I look down; the buffaloes seem to be bopping to the music! Amazed, I stare and then realise how it is done — each holy mammal has a youth standing under its snout. When the music starts the youth shakes his head — and the buffalo follows suit, jiving to the tunes.

As the music reaches a crescendo I sense a ripple through the crowds. The big bull is here. His entry is presaged by a field of swaying hands holding cellphones, rising from the crowd. I see jagged slices of him off a hundred smartphone screens. The first thing that strikes me is that his back is broad and flat like a dinner table. I overhear one man comparing him favourably to the animated one that menaced Rana Daggubati in Baahubali . A dozen bouncers, clad in identical black t-shirts, march in formation holding metal ladders and barricades. Two boys next to me chatter excitedly, “they are the same bouncers who guarded Salman Khan when he came last month”. They march in lockstep, ensuring a moving enclosure, a metal rectangle that always surrounds Yuvraj. Inside this vacancy is the owner, Karan Vir Singh of Haryana, who seems bemused by the scene.

The bull and his entourage reach the junction on the main road. Yuvraj decides to have a lie-down, thus reaffirming that old adage “where does a 3,200-pound buffalo take a nap?

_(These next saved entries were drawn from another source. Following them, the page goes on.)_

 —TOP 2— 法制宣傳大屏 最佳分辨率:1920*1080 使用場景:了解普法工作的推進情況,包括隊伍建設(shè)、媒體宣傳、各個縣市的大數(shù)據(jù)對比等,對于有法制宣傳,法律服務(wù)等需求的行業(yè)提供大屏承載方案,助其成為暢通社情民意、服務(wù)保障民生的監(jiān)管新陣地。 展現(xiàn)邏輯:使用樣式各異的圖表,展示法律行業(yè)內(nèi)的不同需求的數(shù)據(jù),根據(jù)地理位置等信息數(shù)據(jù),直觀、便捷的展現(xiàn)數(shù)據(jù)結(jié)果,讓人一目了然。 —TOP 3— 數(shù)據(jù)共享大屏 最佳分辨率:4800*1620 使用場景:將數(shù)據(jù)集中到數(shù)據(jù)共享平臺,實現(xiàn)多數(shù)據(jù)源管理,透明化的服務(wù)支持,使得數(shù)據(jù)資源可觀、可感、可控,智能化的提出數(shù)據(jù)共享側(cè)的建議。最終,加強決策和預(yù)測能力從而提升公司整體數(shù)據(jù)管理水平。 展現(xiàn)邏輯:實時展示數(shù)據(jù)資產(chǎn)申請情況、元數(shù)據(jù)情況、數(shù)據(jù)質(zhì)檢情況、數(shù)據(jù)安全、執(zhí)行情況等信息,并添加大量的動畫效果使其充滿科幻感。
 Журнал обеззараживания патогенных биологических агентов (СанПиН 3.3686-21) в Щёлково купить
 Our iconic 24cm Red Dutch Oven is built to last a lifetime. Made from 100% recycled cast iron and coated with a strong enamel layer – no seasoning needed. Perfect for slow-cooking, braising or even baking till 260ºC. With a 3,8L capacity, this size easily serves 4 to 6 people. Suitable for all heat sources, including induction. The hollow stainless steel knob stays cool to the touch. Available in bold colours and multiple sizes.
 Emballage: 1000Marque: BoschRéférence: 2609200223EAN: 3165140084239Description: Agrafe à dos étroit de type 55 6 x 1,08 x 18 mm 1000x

The answer: “wherever he damn wants to”. A surge of selfie-seekers takes advantage of this immobility. There is a constant rotation as youths grab selfies or take one of their friends next to that massive horned head. Politicians line up and an avenue is cleared for “VIP Selfies”. Flashes bounce off the crisp white shirts of MLAs, corporators and councilmen.

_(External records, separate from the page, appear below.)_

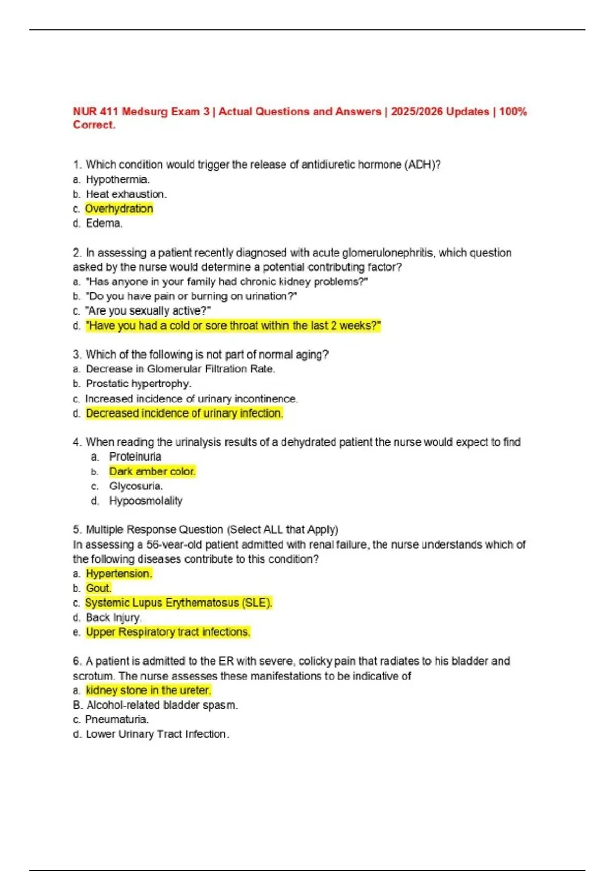 NUR 411 Medsurg Exam 3 | Actual Questions and Answers | 2025/2026 Updates | 100% Correct.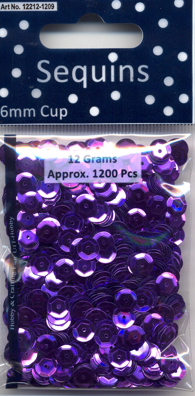 Pailetten 6 mm cup 12 gram ca. 1200 stuks Paars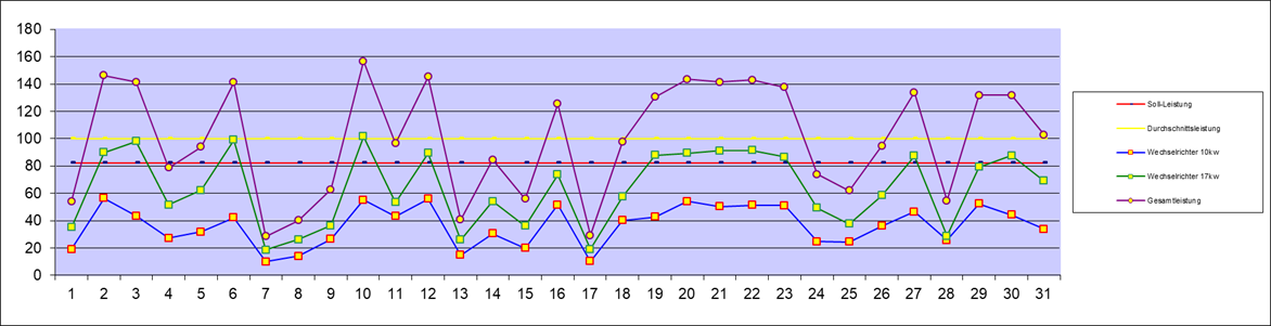 | Leistung an den Wechselrichtern | 3.099,70 kw | Vormonat | Neu | Solarzählerstand | ||||||||||||||||||||||||||||

I’m not immune. I gesture to the photographer. He is an old hand at these things. Without a word he rips off a page from my notebook, writes ‘The Hindu’ in block letters and, holding up this banner, we enter the fray. He rushes off to get better angles — the expanse of the beast’s black hide seems to defeat even his flash. I merely gawp like a country yokel. In my reading of the Mahabharata, I’d often come across characters addressing each other as “O Bull of the Yadu race” but never appreciated it till now.

In Yuvraj I sense the jaded attitude common to all celebrities. The boredom of a hundred presscons or junkets.

Finally he gets up. As he rises, the crowd lets loose a full-throated roar that reverberates around us. Too late I realise my danger. The metal cage is on the move again and I bounce around like a character in a video game. Too slow and I get hit by the trailing edge. Too fast and I run the risk of getting squashed as Yuvraj lurches from side to side. It is in this moving metal cage with this 1.6-tonne behemoth that you become aware of his sheer size. The details suddenly all add up to form a new picture, something you saw but didn’t understand till now. The glistening sheen of the hide. The beads of moisture on the hair on his head. The rolling eyes. The cascades of turmeric rolling off his flanks, flakes of gold that catch the light and drift like yellow snow. And all around us the incessant baying of the crowds.

The crowd is an animal, but the bull is the bigger animal.

Up front the two handlers struggle — yet it is very clear that they are ‘handling’ Yuvraj only because Yuvraj allows them to. One experimental shake and the handlers are thrown off like flies.

Bande bahut bekaar hain, ” says the owner at my side. Like his buffalo, he seems bored by the hysteria. One word, one touch from him and Yuvraj quietens down immediately. I take advantage of this temporary hiatus and clamber over the railings.

I re-join the photographer. We are exhausted and have already slipped many times in the mounds of dung that suffix the animals. The acrobatics are still ahead of us — where the buffaloes stand on their hind legs and caper. We anchor in a lagoon of bystanders as the river of men and animals flows on. In this stream the black of the buffaloes is a nullity, an absence that denotes a presence. Their silence is a terrible counterpoint to the roar of the crowd. The Lord of Death rides on a buffalo too, I reflect. The last thing you will ever see.